Below, find the line containing "Set sail on"; from there to the final line, print every line exactly and skip the pictures.
==== INFORMATION SUPPLIED
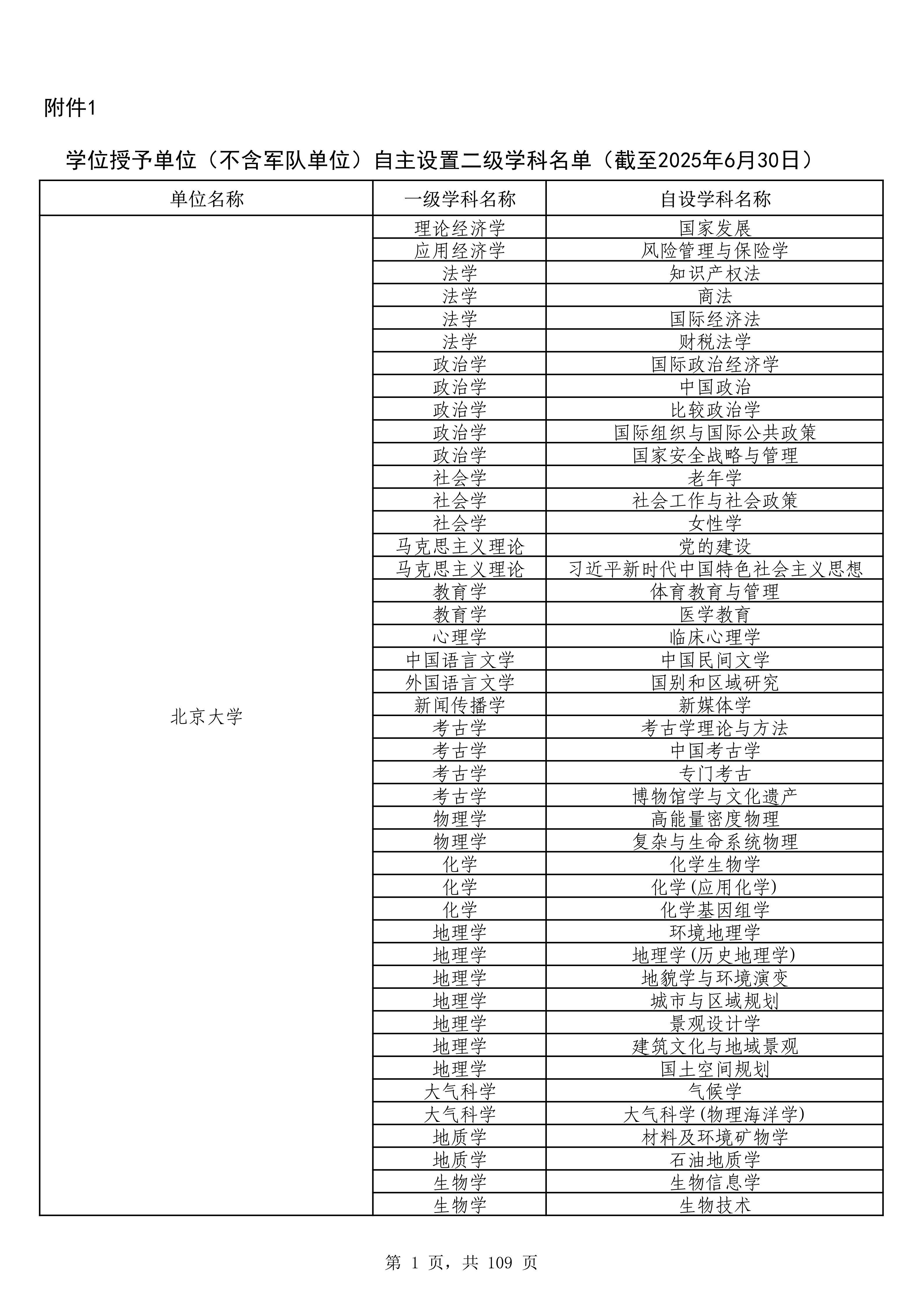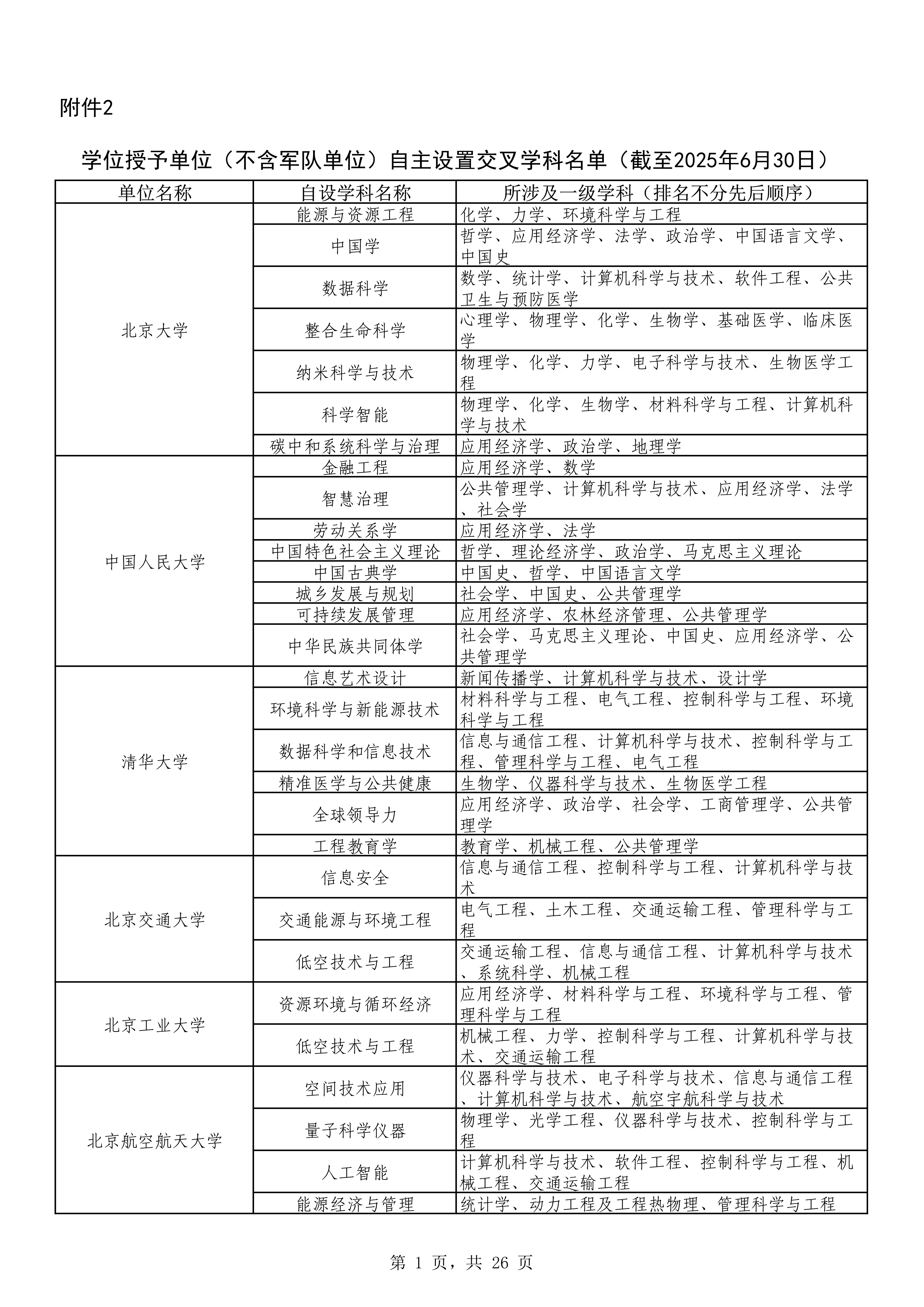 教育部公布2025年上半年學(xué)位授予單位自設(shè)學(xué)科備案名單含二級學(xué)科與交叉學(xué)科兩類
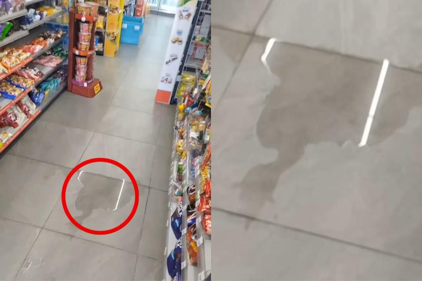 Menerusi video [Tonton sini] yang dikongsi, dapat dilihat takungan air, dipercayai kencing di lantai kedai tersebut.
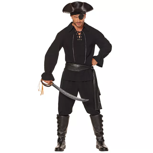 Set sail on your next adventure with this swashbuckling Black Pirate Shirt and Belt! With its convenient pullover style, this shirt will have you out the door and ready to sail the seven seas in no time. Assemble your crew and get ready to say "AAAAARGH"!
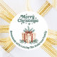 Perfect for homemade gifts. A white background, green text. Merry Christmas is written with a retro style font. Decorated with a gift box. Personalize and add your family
========
= EXPECTED ANSWER =
 Set sail on your next adventure with this swashbuckling Black Pirate Shirt and Belt! With its convenient pullover style, this shirt will have you out the door and ready to sail the seven seas in no time. Assemble your crew and get ready to say "AAAAARGH"!
 Perfect for homemade gifts. A white background, green text. Merry Christmas is written with a retro style font. Decorated with a gift box. Personalize and add your family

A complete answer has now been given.